The biosynthesis of trabectedin in the tunicate symbiotic bacteria Candidatus Endoecteinascidia frumentensis starts with a fatty acid loading onto the acyl-ligase domain of the EtuA3 module. A cysteine and glycine are then loaded as canonical NRPS amino acids. A tyrosine residue is modified by the enzymes EtuH, EtuM1, and EtuM2 to add a hydroxyl at the meta position of the phenol, and adding two methyl groups at the para-hydroxyl and the meta carbon position. This modified tyrosine reacts with the original substrate via a Pictet-Spengler reaction, where the amine group is converted to an imine by deprotonation, then attacks the free aldehyde to form a carbocation that is quenched by electrons from the methyl-phenol ring. This is done in the EtuA2 T-domain. This reaction is done a second time to yield a dimer of modified tyrosine residues that have been further cyclized via Pictet-Spengler reaction, yielding a bicyclic ring moiety.
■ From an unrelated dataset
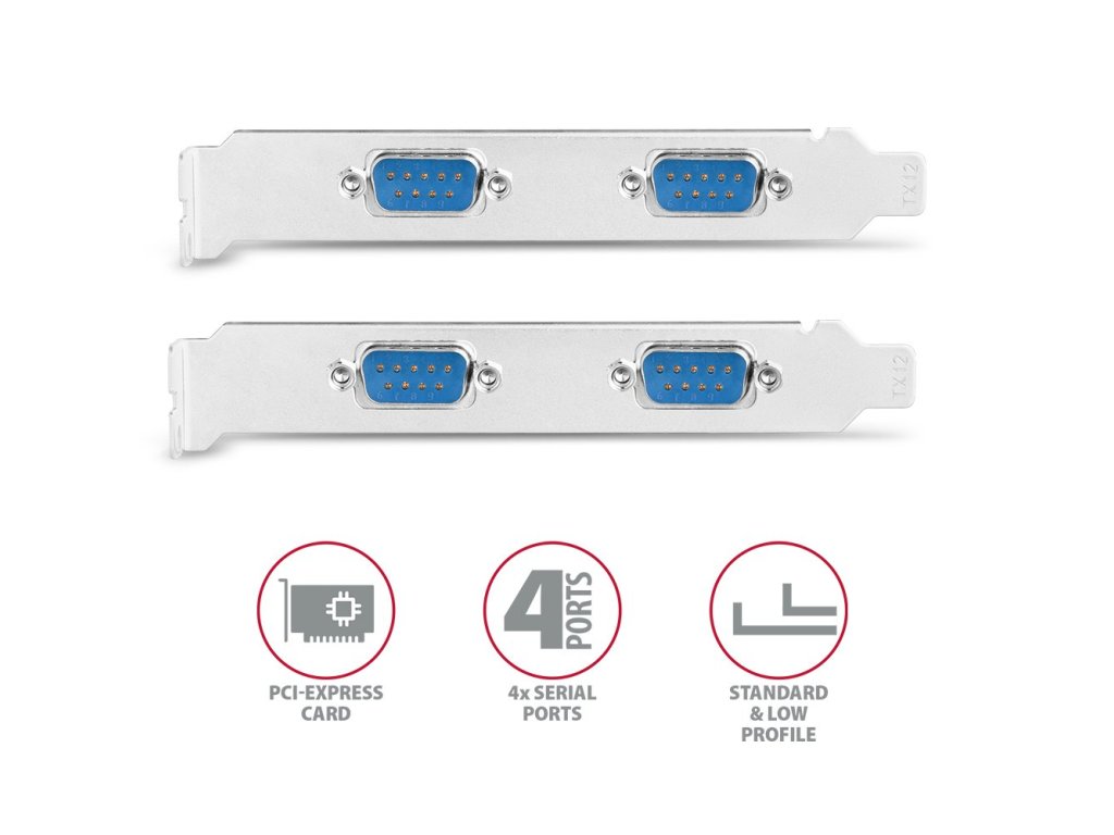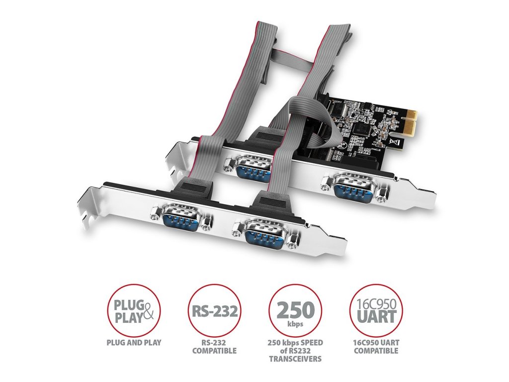 PCI-Express karta AXAGON PCEA-S4N rozšíří stolní počítač o čtyři sériové RS-232 porty s DB-9 konektory.
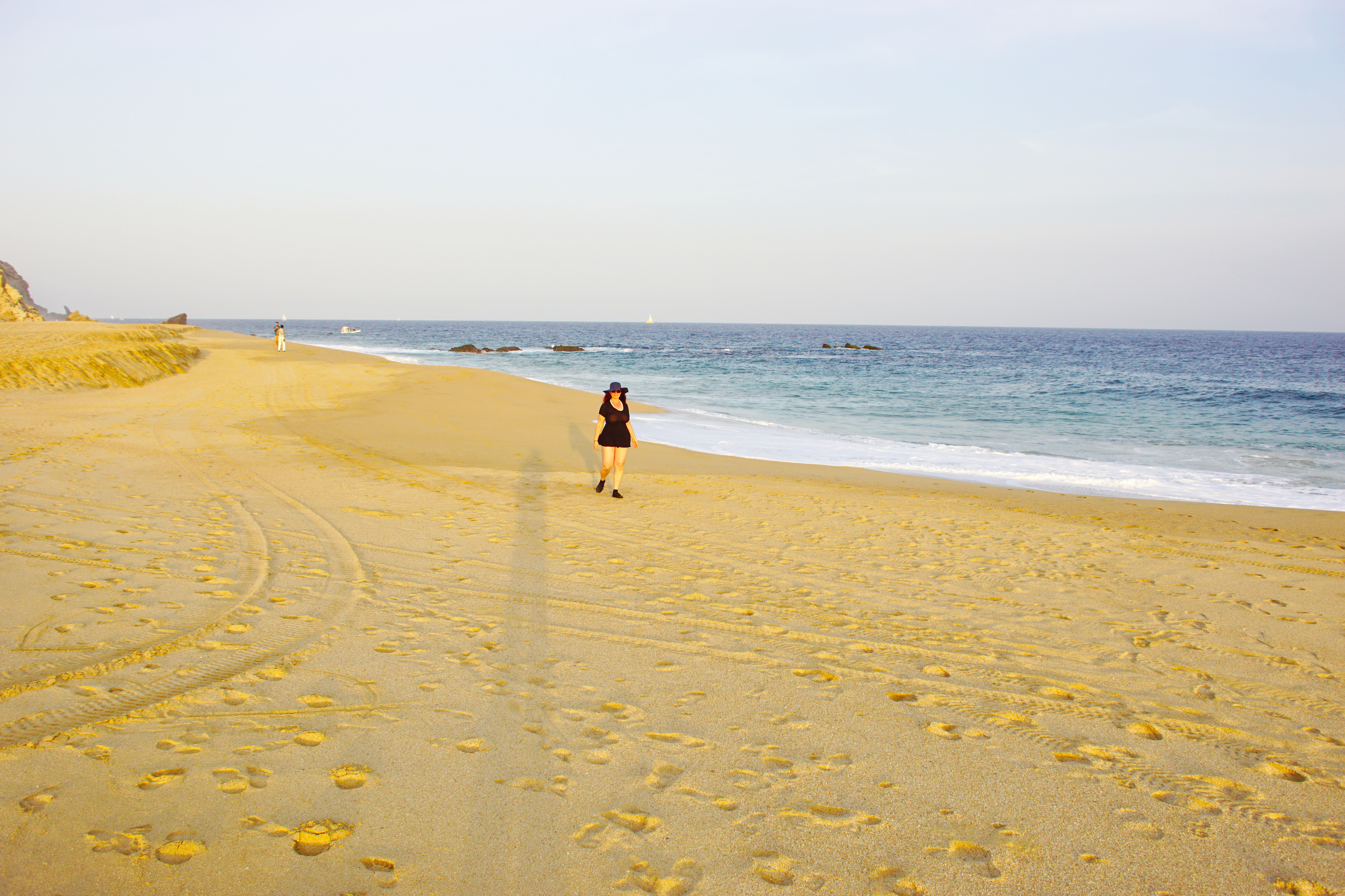 Just past the main pool is beach access – exactly what we came here for! A long stretch of sand to walk along, the sun starting to set, a warm day with a cool breeze, and crashing clear blue waves. The waves are too rough for swimming, but it’s still lovely to walk alongside such energy!

The EtuO and EtuF3 enzymes continue to post-translationally modify the molecule, adding several functional groups and making a sulfide bridge between the original cysteine residue and the beta-carbon of the first tyrosine to form ET-583, ET-597, ET-596, and ET-594 which have been previously isolated. A third O-methylated tyrosine is added and cyclized via Pictet-Spengler to yield the final product.

==Total synthesis==
The total synthesis by E.J. Corey used this proposed biosynthesis to guide their synthetic strategy. The synthesis uses such reactions as the Mannich reaction, Pictet-Spengler reaction, the Curtius rearrangement, and chiral rhodium-based diphosphine-catalyzed enantioselective hydrogenation. A separate synthetic process also involved the Ugi reaction to assist in the formation of the pentacyclic core. This reaction was unprecedented for using such a one pot multicomponent reaction in the synthesis of such a complex molecule.

== Mechanism of action ==
Recently, it has been shown that trabectedin blocks DNA binding of the oncogenic transcription factor FUS-CHOP and reverses the transcriptional program in myxoid liposarcoma. By reversing the genetic program created by this transcription factor, trabectedin promotes differentiation and reverses the oncogenic phenotype in these cells.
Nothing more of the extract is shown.